Pomimo wielu pozytywnych emocji, które wyzwala w ludziach bieganie, dla początkujących treningi mogą okazać się monotonne, nużące i mało atrakcyjne. Dlatego warto urozmaizać sobie swoją przygodę z bieganiem. Można na przykład wybierać nowe, ciekawe trasy biegowe, biegać z muzyką w uszach albo uzupełniać trening biegacza innymi aktywnościami fizycznymi. Możliwości jest mnóstwo, a kreatywność jest tutaj największym sprzymierzeńcem! Niech bieganie stanie się dobrą zabawą, a trening punktem dnia, na który czekasz z niecierpliwością!
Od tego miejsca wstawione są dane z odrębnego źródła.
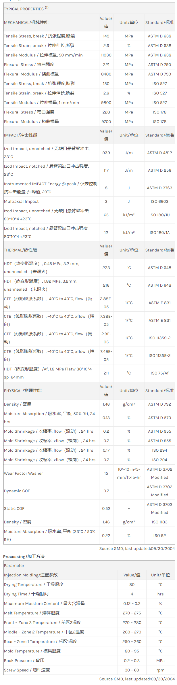 应用范围: 产品描述 LNP Lubricomp QFL36物性表 “LNP LUBRICOMP QFL36是一种聚酰胺610(尼龙6/10)产品,含有的填充物为30%玻璃纤维增强材料,可以通过注射成型进行加工。 特性包括: 耐磨 润滑” LNP LUBRICOMP* QFL36 is a compound based on Nylon 6/10 resin containing Glass
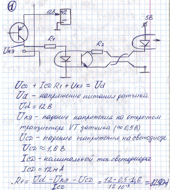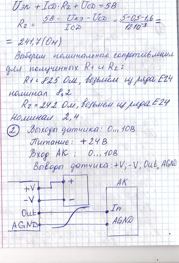1. Подключить активный датчик с выходом «Открытый коллектор p-n-p» и питанием 12 В к контроллеру со входом «Открытый катод СД». Рассчитать балластный резистор светодиода, если анод получает питание +5 В, номинальный ток светодиода – 12 мА.
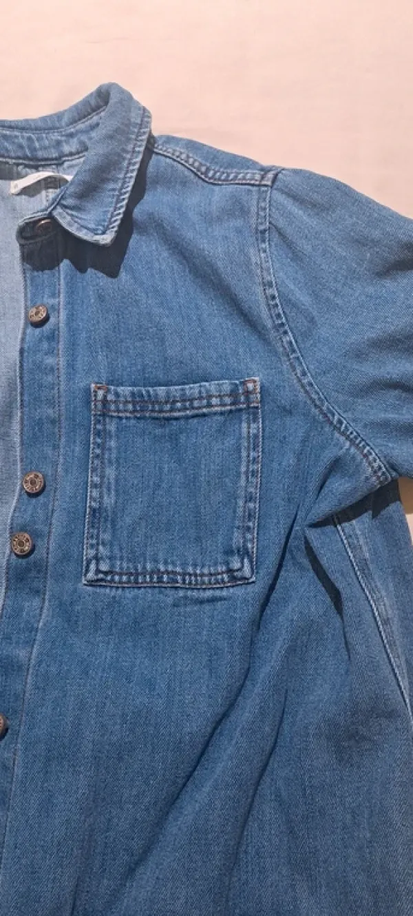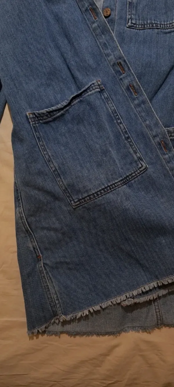 Mangon puolipitkä farkkutakki, taskut, napitus ja alareunassa pientä hapsua. Siistissä kunnossa.
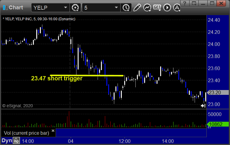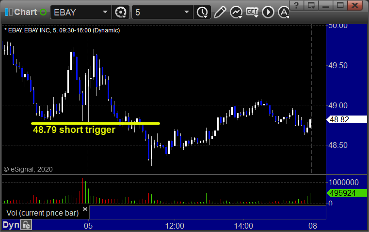 From the Messenger/Tradesight_st Twitter Feed, Rich's EBAY triggered short (without market support) and worked:
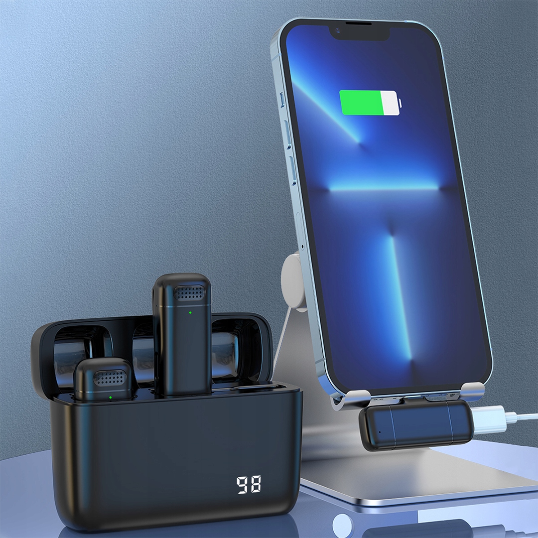 ✅ Унікальний набір: отримайте чудову якість звукуза допомогою нашого набору з двома мікрофонами b>,передавач USB-C, вхідний адаптер Lightning і стильний футляр із функцією заряджання. Наші мікрофони сумісні з пристроями Android та iOS.
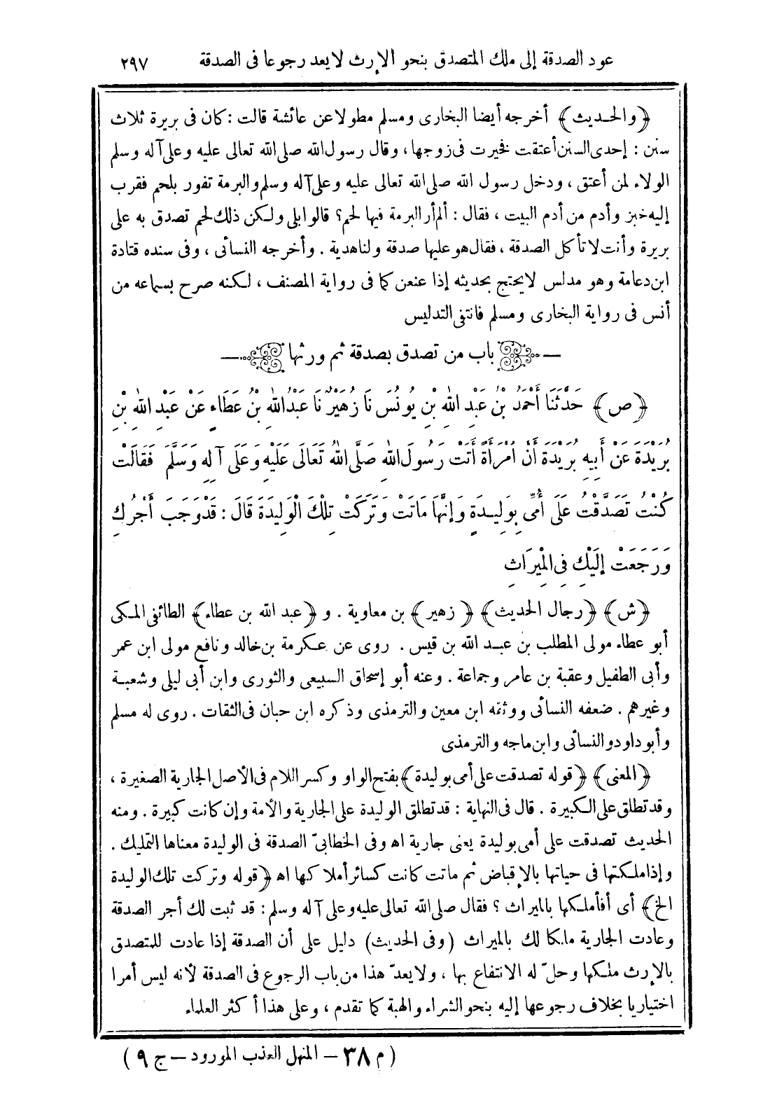 (وفي الحديث) دليل على أن الصدقة إذا عادت للمتصدق بالإرث ملكها وحلّ له الانتفاع بها, ولا يعدّ هذا من باب الرجوع في الصدقة لأنه ليس أمرًا اختياريًا بخلاف رجوعها إليه بنحو الشراء والهبة كما تقدم، وعلى هذا أكثر العلماء

Po czwarte: Kilogramy nie są jedynym wyznacznikiem sukcesu
Ludzie pragnący schudnąć bardzo często mierzą swój sukces jedną miarą – zgubionymi kilogramami (albo wskaźnikiem BMI, czyli proporcją wagi ciała do wzrostu). Jest to oczywiście jakiś wyznacznik w tym procesie, ale wcale nie jedyny. Przestrzegam przed nadmierną fiksacją na punkcie tego, co pokazuje waga. Bo wartość masy w kilogramach może rzeczywiście iść w dół, ale wcale nie kosztem tłuszczyku, ale gęstości kości lub innych istotnych składników naszego ciała. Dlatego warto zreformować swoje cele. Zamiast: „chcę stracić 5 kilogramów na wadze” można ustalić procentową redukcję tkanki tłuszczowej w poszczególnych partiach ciała albo poprawę swojego ogólnego samopoczucie. To pierwsze można z łatwością zweryfikować na specjalnej wadze, która jest na wyposażeniu wielu siłowni, klubów fitness i gabinetów dietetycznych. Swoje samopoczucie natomiast można monitorować dzięki dziennikowi treningowemu, w którym już notujemy nasze nawyki żywieniowe oraz treningi. Samopoczucie można oceniać przed i po treningu na skali od 1-10, emotikonami albo opisowo, w krótkich i zwięzłych akapitach. Po jakimś czasie warto zajrzeć wstecz i zobaczyć, jak długą drogę się już przebyło oraz jakie postępy bieganie poczyniło w Twoim życiu!